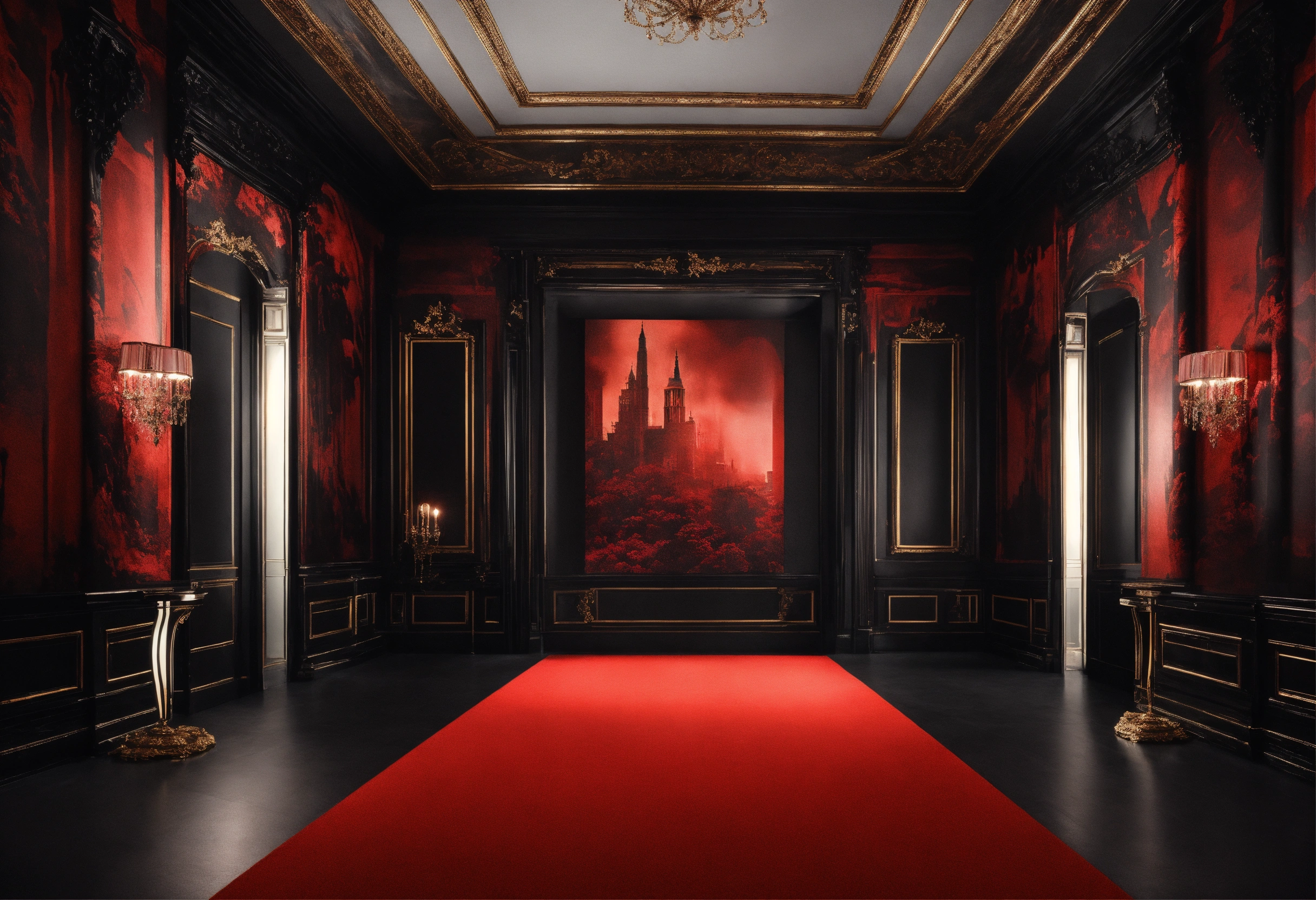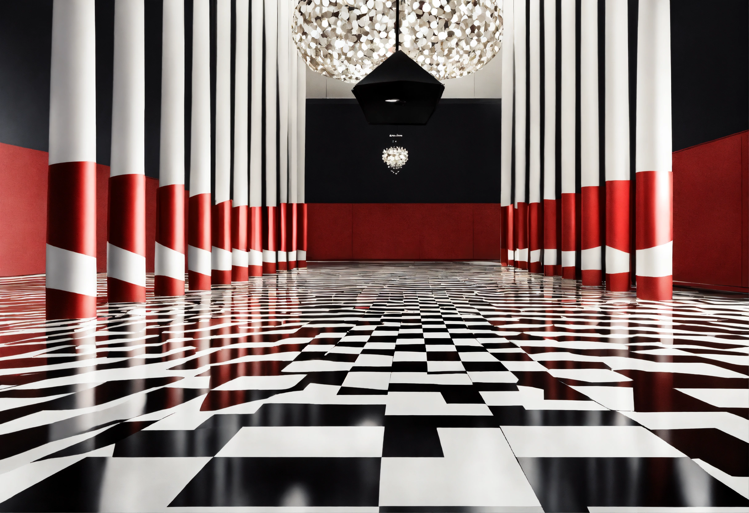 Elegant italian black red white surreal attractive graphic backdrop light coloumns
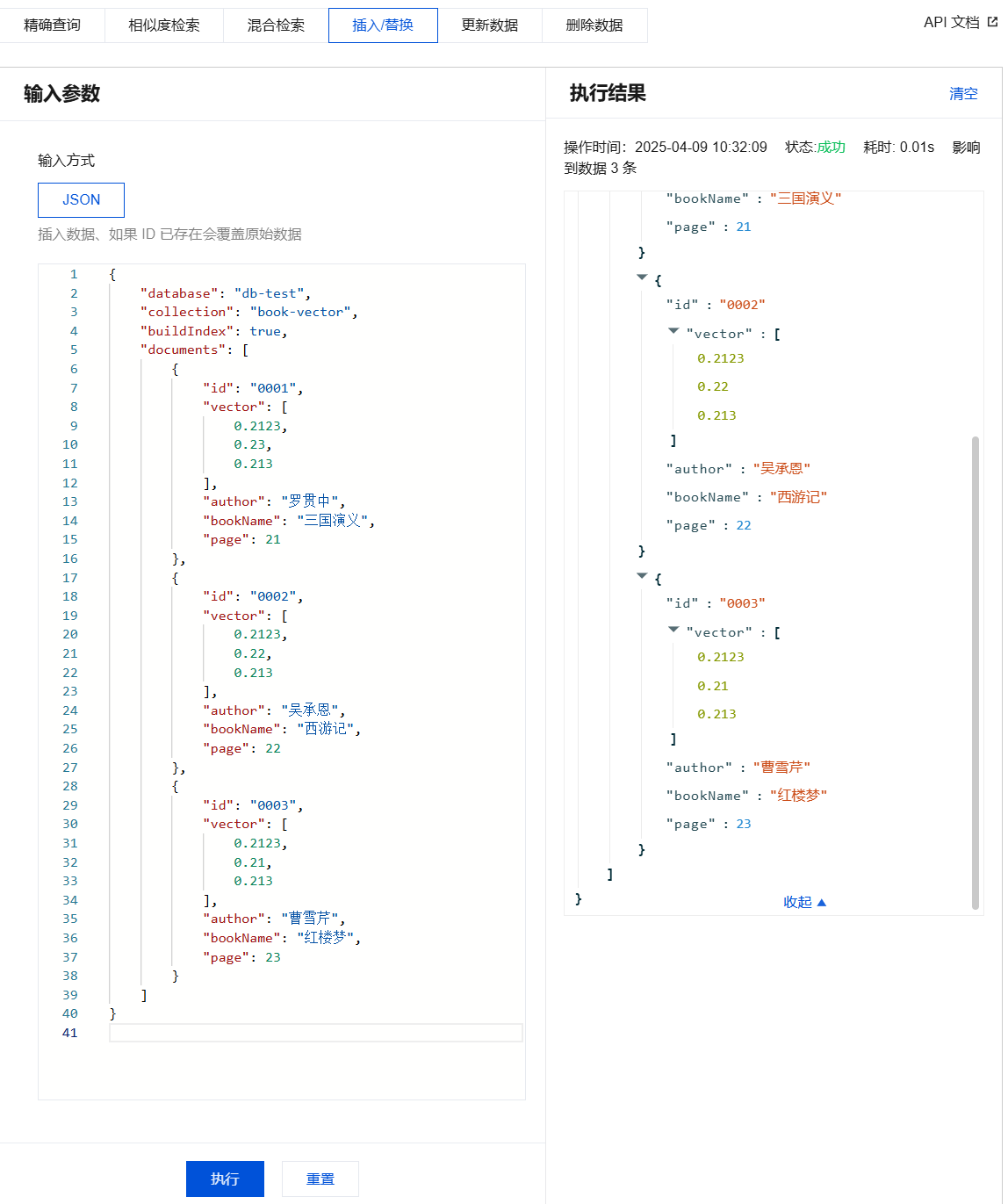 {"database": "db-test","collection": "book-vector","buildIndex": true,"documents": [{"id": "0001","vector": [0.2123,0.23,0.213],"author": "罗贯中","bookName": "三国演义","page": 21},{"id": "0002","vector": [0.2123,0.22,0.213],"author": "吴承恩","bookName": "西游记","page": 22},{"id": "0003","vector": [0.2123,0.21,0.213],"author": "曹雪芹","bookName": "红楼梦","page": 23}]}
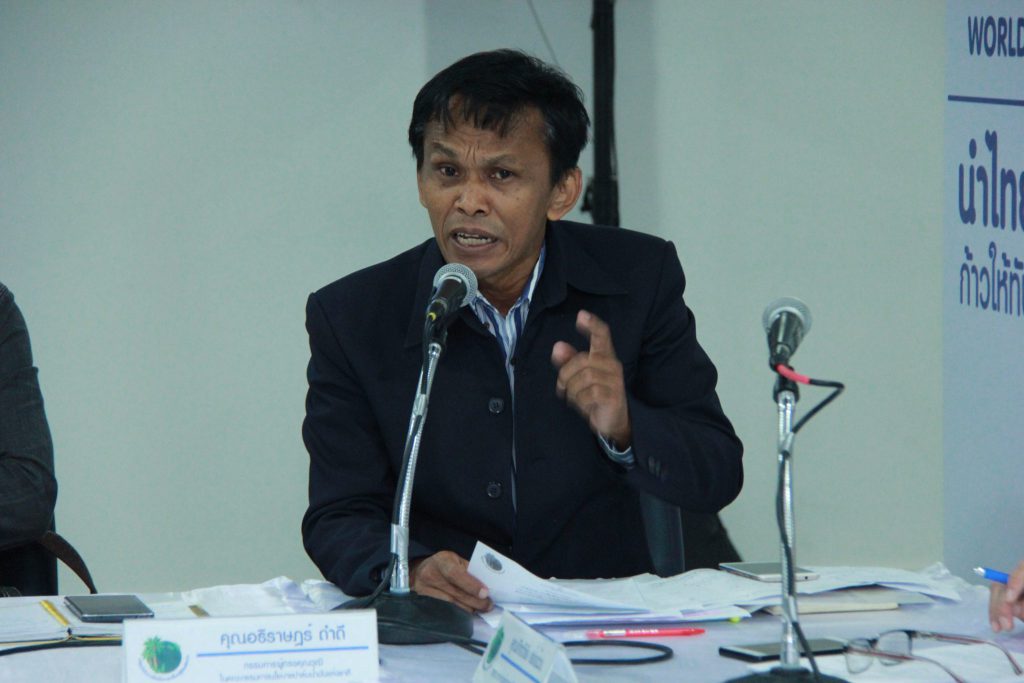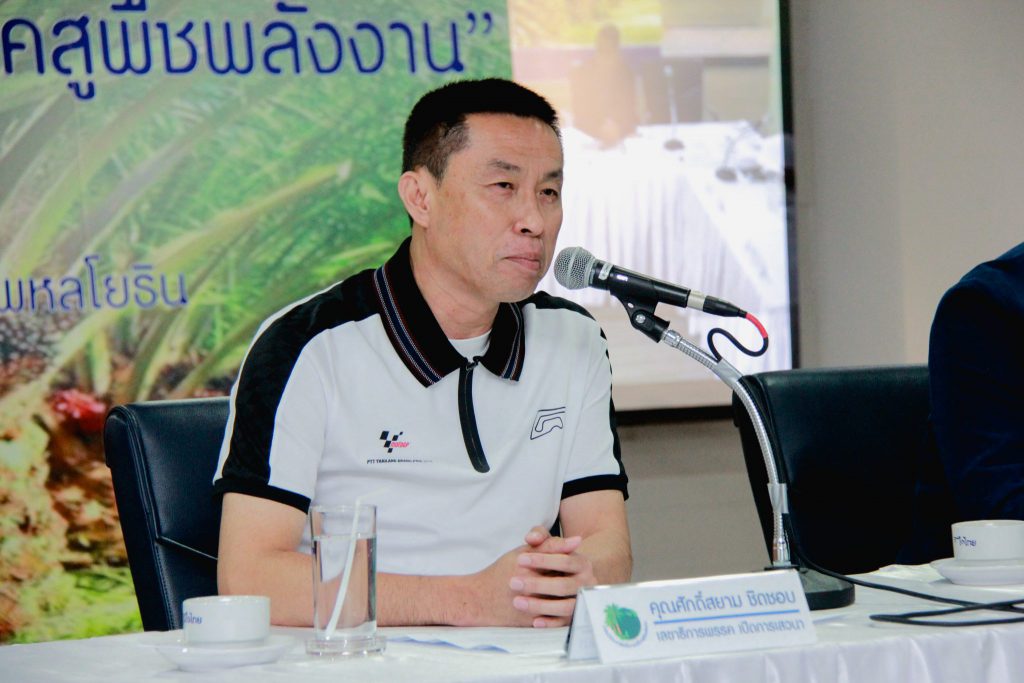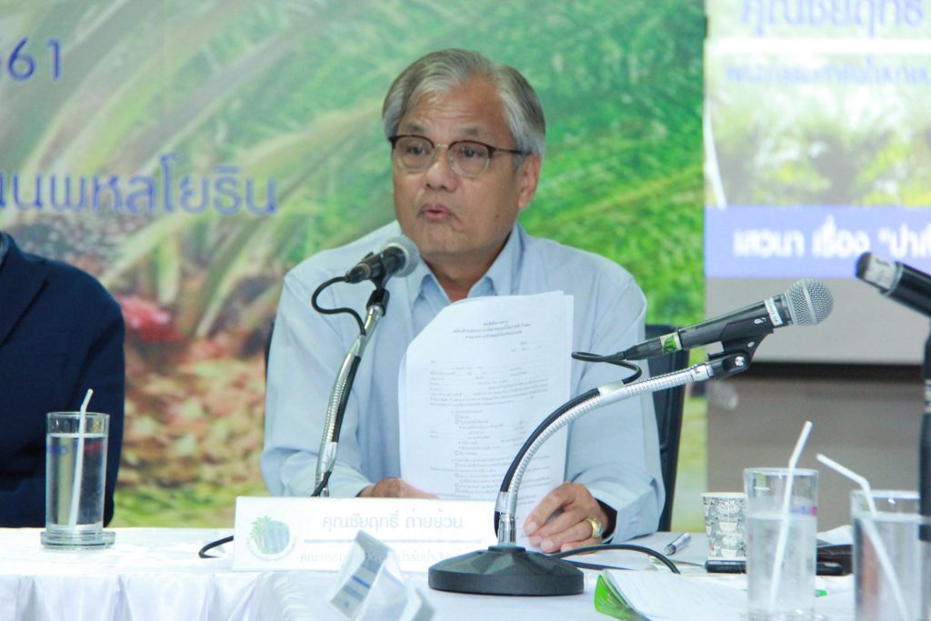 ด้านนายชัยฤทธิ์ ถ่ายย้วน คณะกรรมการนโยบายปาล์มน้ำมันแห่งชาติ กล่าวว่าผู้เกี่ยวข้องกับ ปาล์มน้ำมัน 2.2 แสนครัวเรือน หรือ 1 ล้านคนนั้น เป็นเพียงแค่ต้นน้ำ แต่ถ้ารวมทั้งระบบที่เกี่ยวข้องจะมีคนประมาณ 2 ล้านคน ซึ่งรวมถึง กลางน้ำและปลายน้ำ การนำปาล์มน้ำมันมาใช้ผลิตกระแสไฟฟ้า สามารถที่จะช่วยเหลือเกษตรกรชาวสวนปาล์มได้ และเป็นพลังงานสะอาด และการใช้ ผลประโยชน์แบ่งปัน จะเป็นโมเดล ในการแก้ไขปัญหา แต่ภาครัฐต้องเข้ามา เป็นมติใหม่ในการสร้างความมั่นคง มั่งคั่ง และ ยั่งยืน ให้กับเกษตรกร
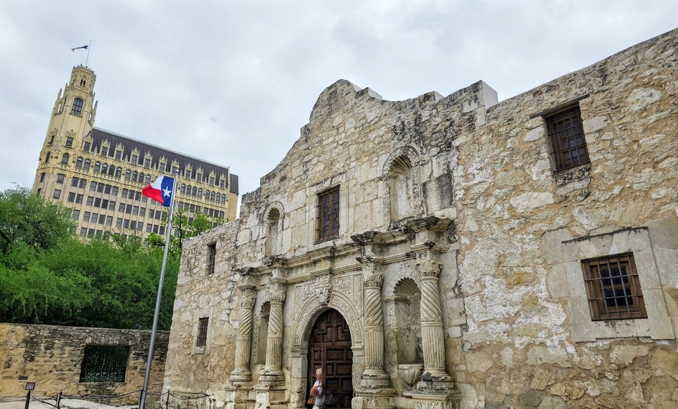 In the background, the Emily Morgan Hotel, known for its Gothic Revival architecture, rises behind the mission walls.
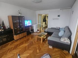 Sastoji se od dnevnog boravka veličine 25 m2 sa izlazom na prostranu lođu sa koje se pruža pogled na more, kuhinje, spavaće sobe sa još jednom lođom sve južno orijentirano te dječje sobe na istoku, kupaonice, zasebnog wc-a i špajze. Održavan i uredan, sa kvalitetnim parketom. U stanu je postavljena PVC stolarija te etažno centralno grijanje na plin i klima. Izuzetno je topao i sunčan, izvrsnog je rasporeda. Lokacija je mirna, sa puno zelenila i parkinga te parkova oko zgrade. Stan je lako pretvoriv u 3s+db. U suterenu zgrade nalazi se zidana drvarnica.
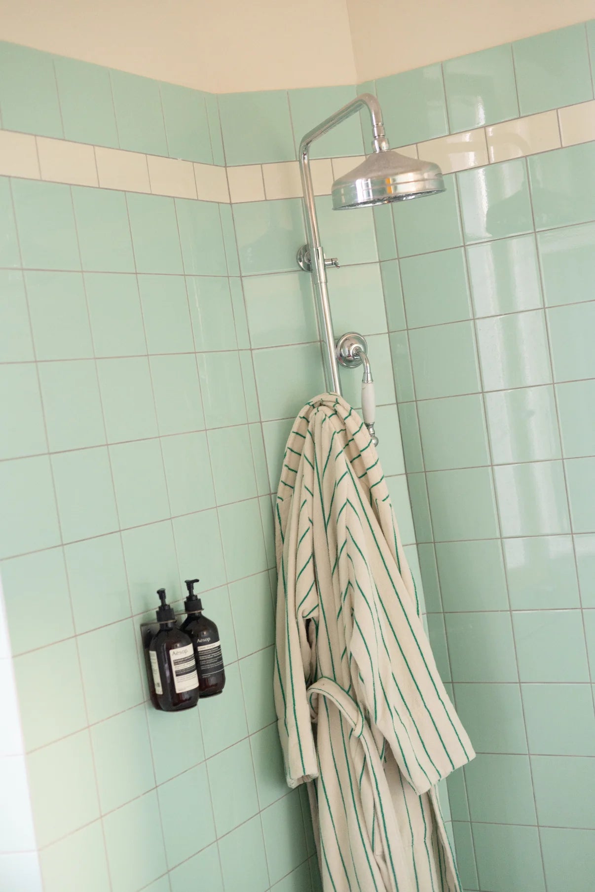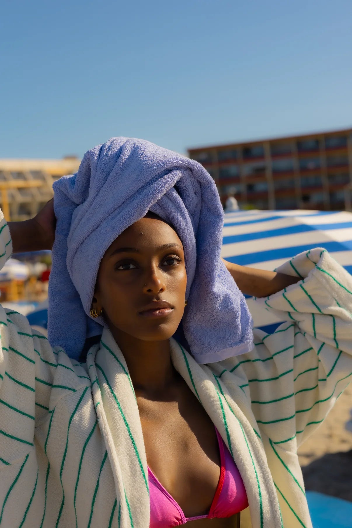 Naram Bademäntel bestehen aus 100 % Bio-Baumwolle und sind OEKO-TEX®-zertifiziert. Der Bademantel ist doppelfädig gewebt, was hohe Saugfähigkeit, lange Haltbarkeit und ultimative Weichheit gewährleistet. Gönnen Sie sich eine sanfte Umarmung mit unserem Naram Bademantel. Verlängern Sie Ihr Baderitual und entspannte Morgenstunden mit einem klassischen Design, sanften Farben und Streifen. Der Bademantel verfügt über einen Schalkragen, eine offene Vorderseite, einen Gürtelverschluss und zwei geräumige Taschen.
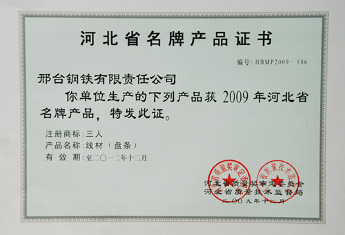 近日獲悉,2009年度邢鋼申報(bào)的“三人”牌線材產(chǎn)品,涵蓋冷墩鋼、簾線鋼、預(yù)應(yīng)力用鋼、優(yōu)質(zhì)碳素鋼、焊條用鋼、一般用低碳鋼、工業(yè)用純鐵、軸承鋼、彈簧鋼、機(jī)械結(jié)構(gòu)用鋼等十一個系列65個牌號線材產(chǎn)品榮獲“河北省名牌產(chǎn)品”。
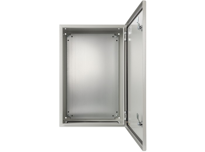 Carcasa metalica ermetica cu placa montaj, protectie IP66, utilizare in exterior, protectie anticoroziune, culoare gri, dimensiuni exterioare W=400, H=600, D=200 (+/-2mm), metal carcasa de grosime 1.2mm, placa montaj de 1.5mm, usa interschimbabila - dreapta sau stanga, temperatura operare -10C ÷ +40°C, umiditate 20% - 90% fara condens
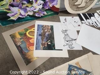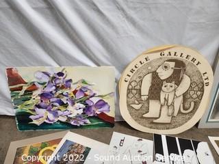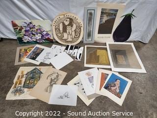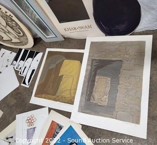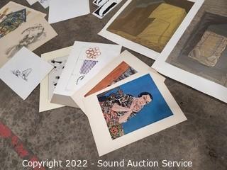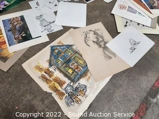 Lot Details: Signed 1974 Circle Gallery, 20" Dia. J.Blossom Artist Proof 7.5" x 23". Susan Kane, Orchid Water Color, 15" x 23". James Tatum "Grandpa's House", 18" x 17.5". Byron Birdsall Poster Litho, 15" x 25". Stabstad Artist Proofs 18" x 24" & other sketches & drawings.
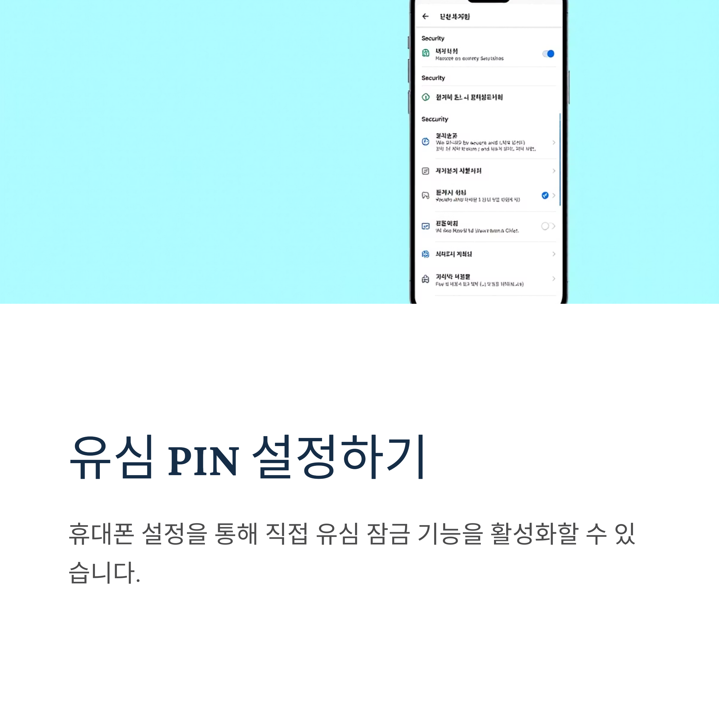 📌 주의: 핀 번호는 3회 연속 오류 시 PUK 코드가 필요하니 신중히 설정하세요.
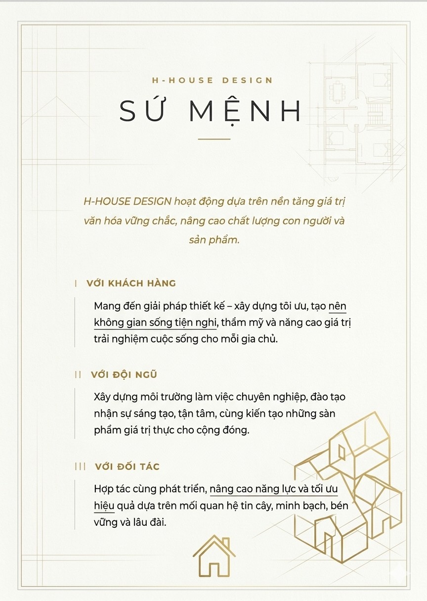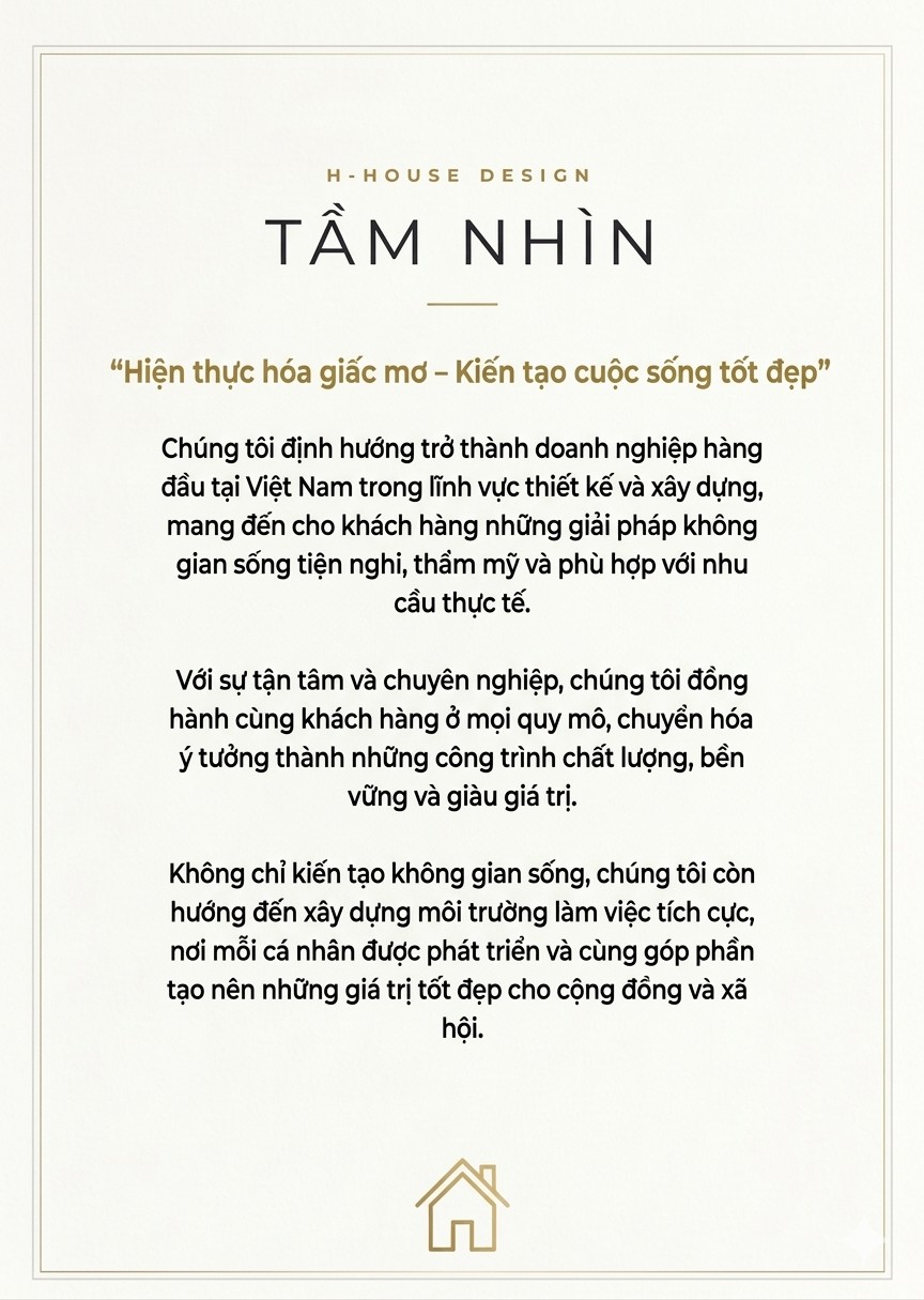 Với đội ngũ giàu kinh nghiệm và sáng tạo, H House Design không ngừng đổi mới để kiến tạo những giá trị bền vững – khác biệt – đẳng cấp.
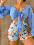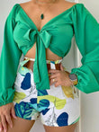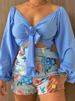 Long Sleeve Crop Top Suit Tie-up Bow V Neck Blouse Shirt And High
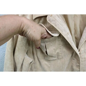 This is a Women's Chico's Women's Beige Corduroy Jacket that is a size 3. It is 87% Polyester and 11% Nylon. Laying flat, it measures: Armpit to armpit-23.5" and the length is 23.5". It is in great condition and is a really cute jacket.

********************

> _YOUR OBJECTIVE_
Once the line with "필요하니 신중히 설정하세요." is found, write out that line and every later line of the listing above exactly, through the last one, and skip any pictures.

> _SOLUTION FOR THIS EXERCISE_
 📌 주의: 핀 번호는 3회 연속 오류 시 PUK 코드가 필요하니 신중히 설정하세요.
 Với đội ngũ giàu kinh nghiệm và sáng tạo, H House Design không ngừng đổi mới để kiến tạo những giá trị bền vững – khác biệt – đẳng cấp.
 Long Sleeve Crop Top Suit Tie-up Bow V Neck Blouse Shirt And High
 This is a Women's Chico's Women's Beige Corduroy Jacket that is a size 3. It is 87% Polyester and 11% Nylon. Laying flat, it measures: Armpit to armpit-23.5" and the length is 23.5". It is in great condition and is a really cute jacket.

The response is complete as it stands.